Question

A body $P$ is thrown vertically up with velocity $30m{s}^{-1}$ and another body $Q$ is thrown up along the same vertically line with the same velocity but $1$ second later from the ground.
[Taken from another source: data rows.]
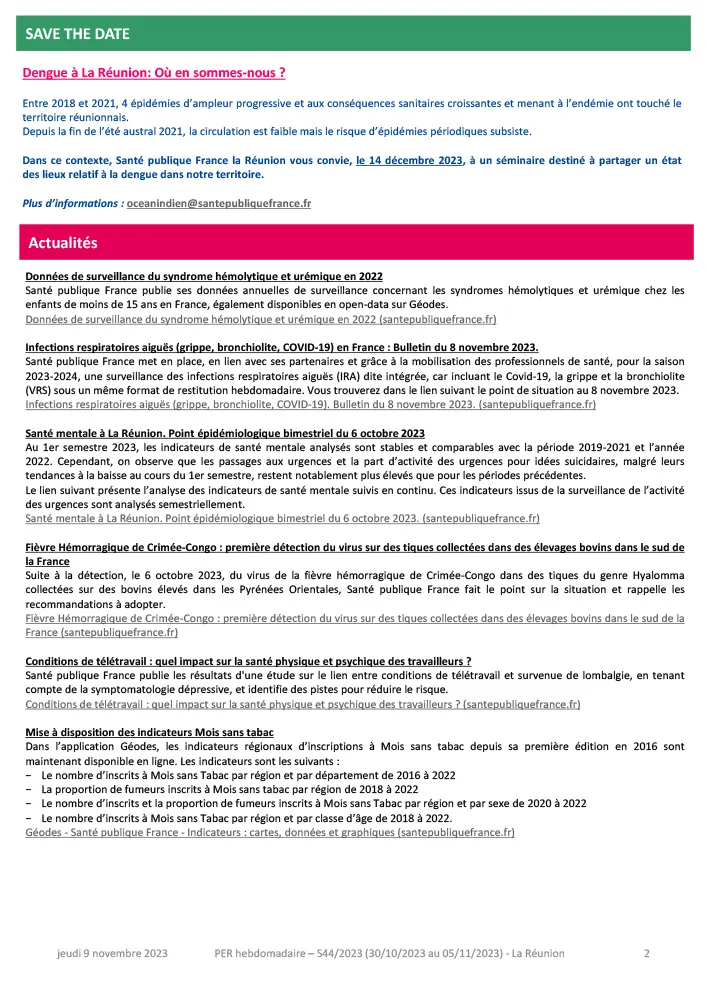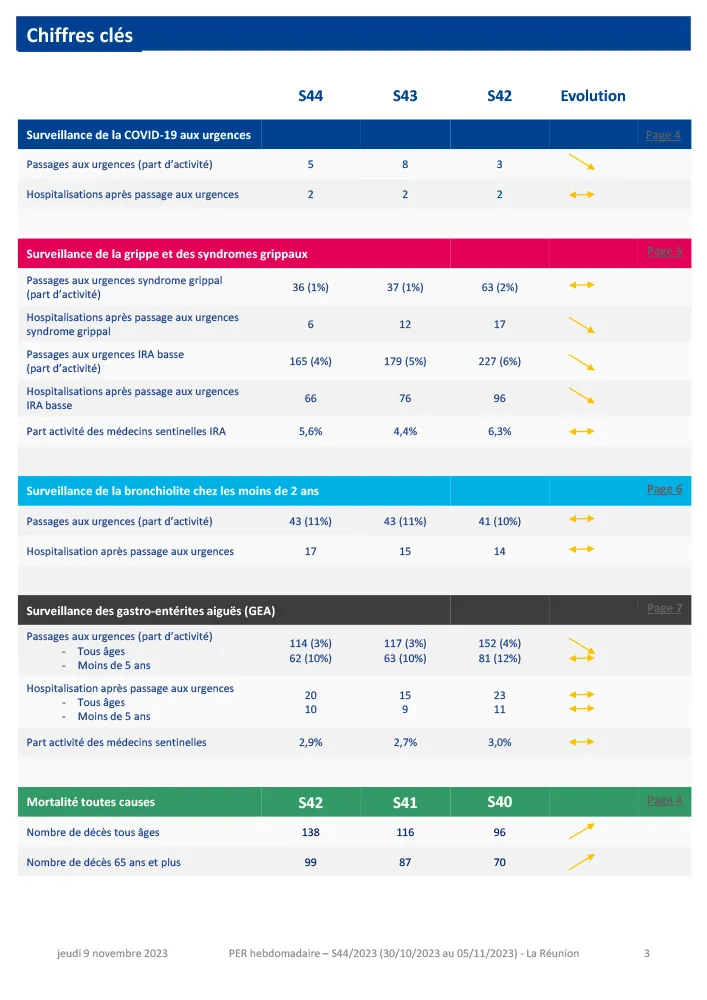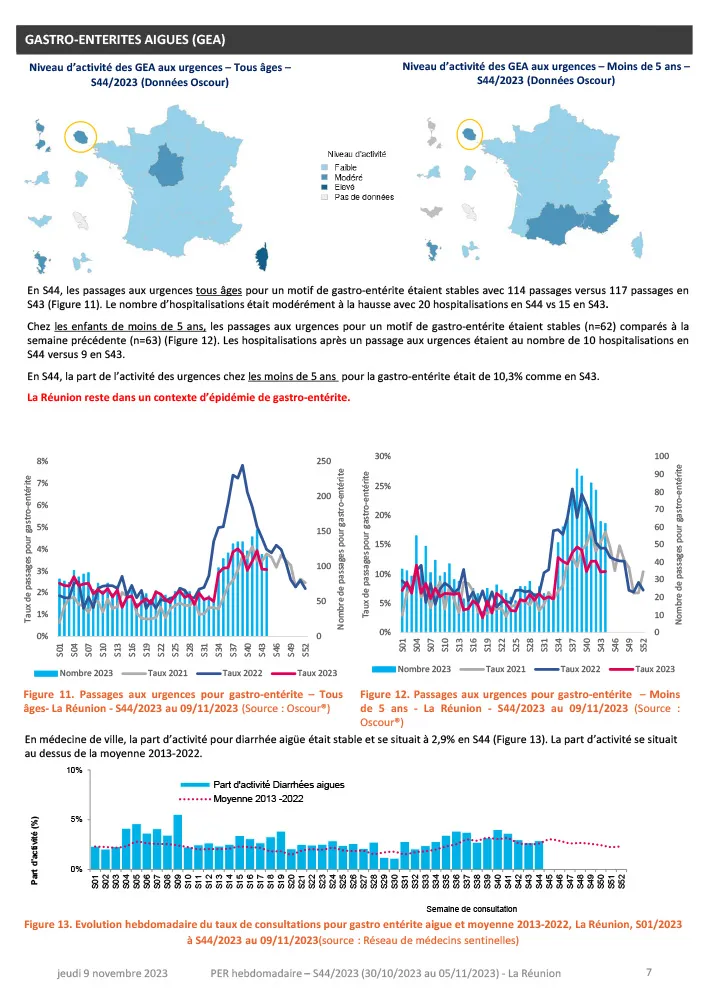 - Gastro-entérite : La Réunion est en épidémie de gastro-entérite (Les indicateurs sont stables en S44)
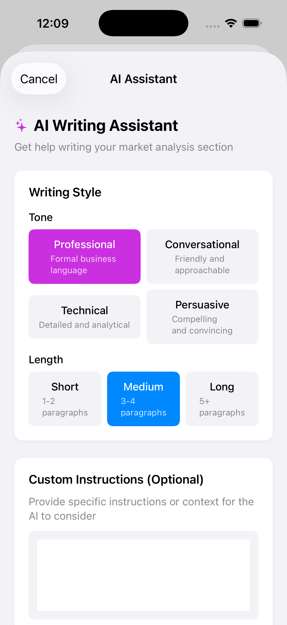 Then comes the AI magic — Feasy helps you turn those numbers into a professionally written, investor-ready business plan in minutes.
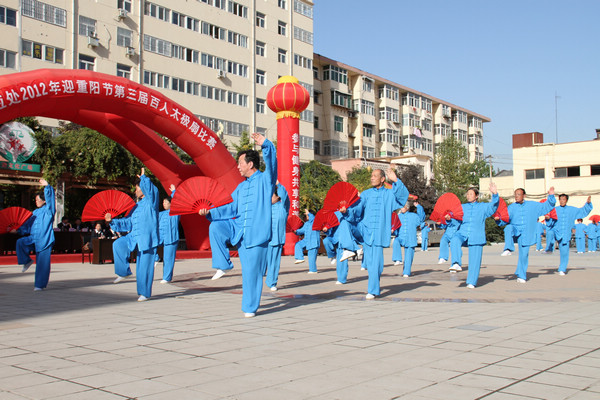 歲歲重陽,今又重陽。10月22日下午,供應(yīng)處馨苑小區(qū)文化休閑廣場陽光明媚、秋風(fēng)送爽,數(shù)百名離退休老同志洋溢在鶴發(fā)童顏、無比激動、無比幸福的喜慶氛圍之中。為讓老同志度過一個開心、快樂、有意義的節(jié)日,當(dāng)天下午,在往年太極拳、太極劍健身大賽活動的基礎(chǔ)上,經(jīng)過積極籌劃,供應(yīng)處黨政在這里又一次舉行了“重陽節(jié)‘百人太極扇’比賽”盛會。

When they meet $\left(g=10m{s}^{-2}\right)$

• A. $P$ travels for $2.5s$
• B. $Q$ travels for $3.5s$
• C. $P$ travels for $3.5s$
• D. $Q$ travels for $1s$

Answer 1

The correct option is C $P$ travels for $3.5s$

$\begin{array}{c}h=ut-\frac{1}{2}g{t}^2\\ h_p=30\times 1-\frac{1}{2}\times 10\times 1^2\\ h_p=30-5=25m\\ v=u-gt\\ v_p=30-10\times 1=20m{s}^{-1}\end{array}$
Let, $t$ further time they take to meet and meet at height $h$
$\begin{array}{l}h = ut - \frac{1}{2}g{t^2}\\h = {h_p} + {u_p}t - \frac{1}{2}g{t^2}\\h = {u_a}t - \frac{1}{2}g{t^2}\\{h_p} + {u_p}t - \frac{1}{2}g{t^2} = {u_a}t - \frac{1}{2}g{t^2}\\{h_p} = \left( {{u_a} - {u_p}} \right)t\\\frac{{{h_p}}}{{{u_a} - {u_p}}} = t\\\frac{{25}}{{30 - 20}} = t\\t = 2.5\,{\rm{secconds}}\\
\end{array}$
Therefore,
$P$ travels $1+t=3.5$